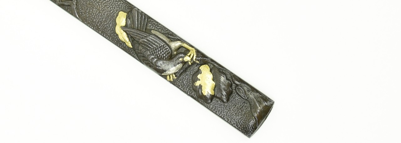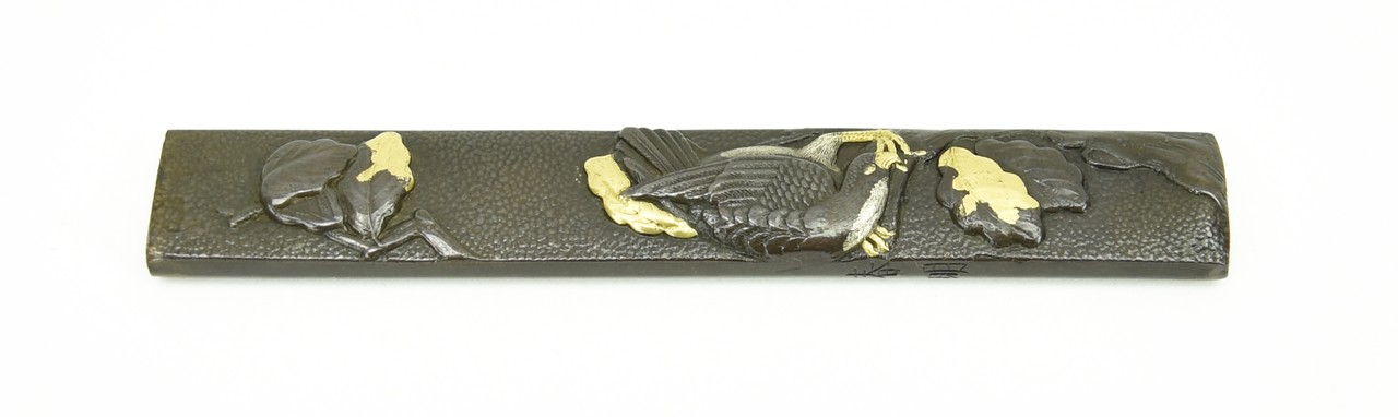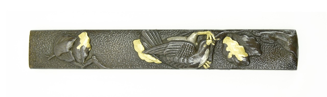 Kinko Kodzuka. Bird with foliage. Gold and silver highlights. Signed Haru Aki on side. (1789-1859). Pupil of Yanagawa Naoharu. Known as Shunai. Sosho Poem on reverse.
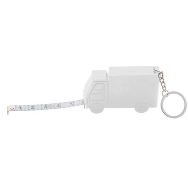 Пластмасов рекламен ключодържател във формата на камионче с ролетка, разтягаща се до 1 метър. Полезен аксесоар за вашите клиенти, които винаги ще имат брандираните ви контакти под ръка.
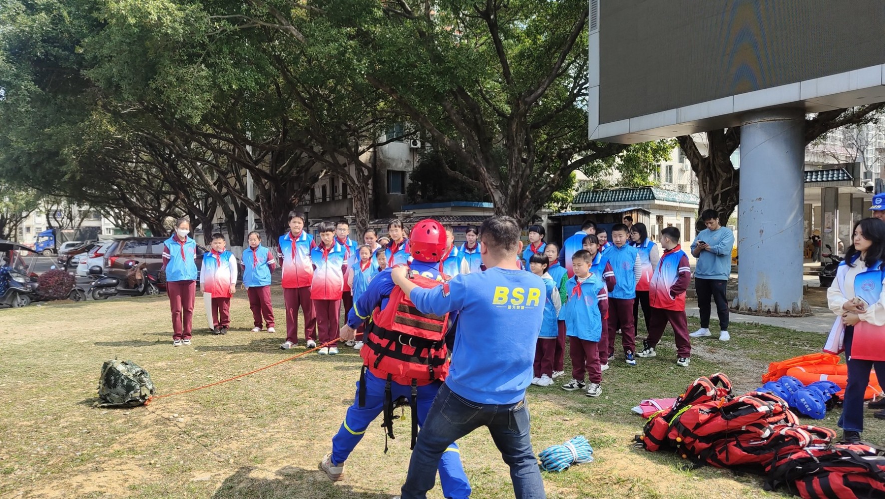 队员们为学生普及防溺水知识并且现场演示如何自救。
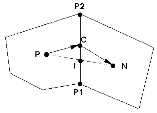 In the above, is the distance vector from P to C and is from C to N. The normal and cross diffusion coefficients, and , at each polygon side involve only geometric variables; they are calculated only once in the beginning of the computation.
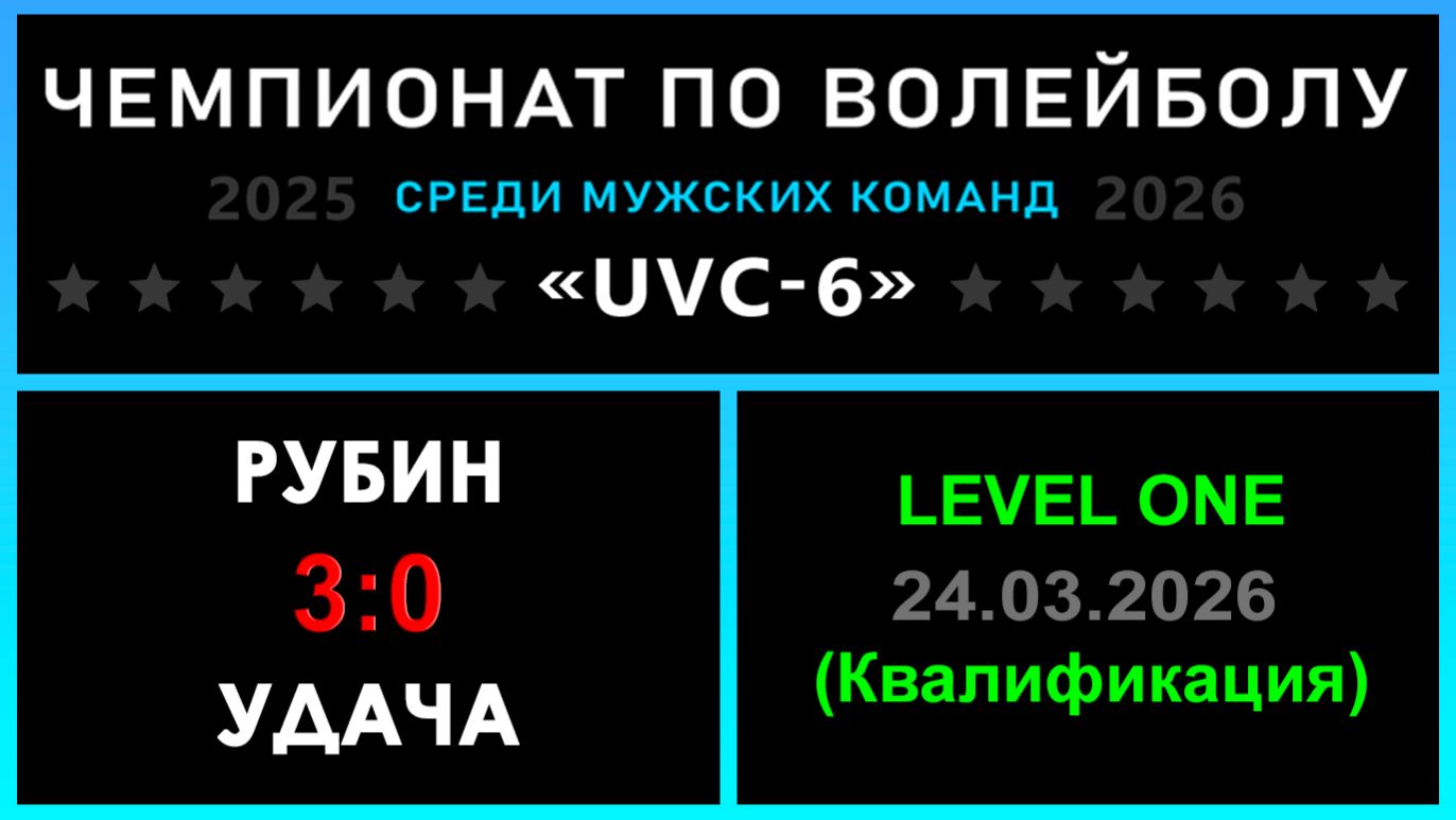 UVC-6 (Мужчины): Чемпионат UVC Лиги по волейболу среди мужских команд 2025-2026 гг. Результаты игры: LEVEL ONE (Квалификация) 24.03.2026 Рубин - Удача 3:0 (25:22, 25:18, 25:18) Рубин немного буксовал в первой партии (4 темпа на площадке, это конечно сильно 😅), но оставшиеся две партии для него прошли без проблем! Рубин продолжит борьбу в LEVEL ONE, а Удача отправляется в LEVEL HOPE! «Nostradamus trophy» - конкурс для участников группы ВКонтакте: ✅ 29 - количество участников, которые смогли предсказать точный исход матча! #UVC_ЛИГА_ЧЕМПИОНАТ_UVC_6_Мужчины
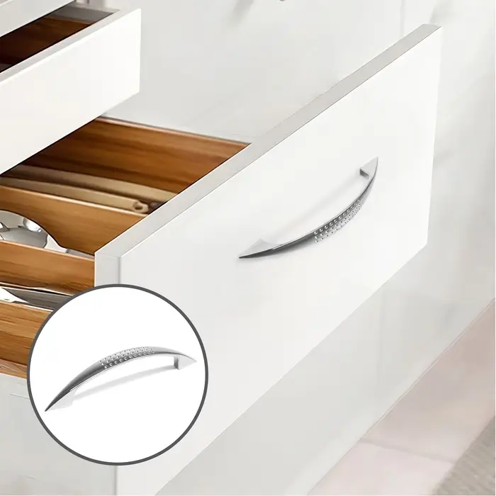 Ручка скоба - элегантная лицевая фурнитура, ручка-дуга плавной формы, хорошо смотрящаяся в классическом интерьере.

#### Task brief
Look above for the line with "队员们为学生普及防溺水知识并且现场演示如何自救。" and the line with "In the above, is". Give again exactly those two lines and all lines between them, pictures excluded.

#### Your response
 队员们为学生普及防溺水知识并且现场演示如何自救。
 In the above, is the distance vector from P to C and is from C to N. The normal and cross diffusion coefficients, and , at each polygon side involve only geometric variables; they are calculated only once in the beginning of the computation.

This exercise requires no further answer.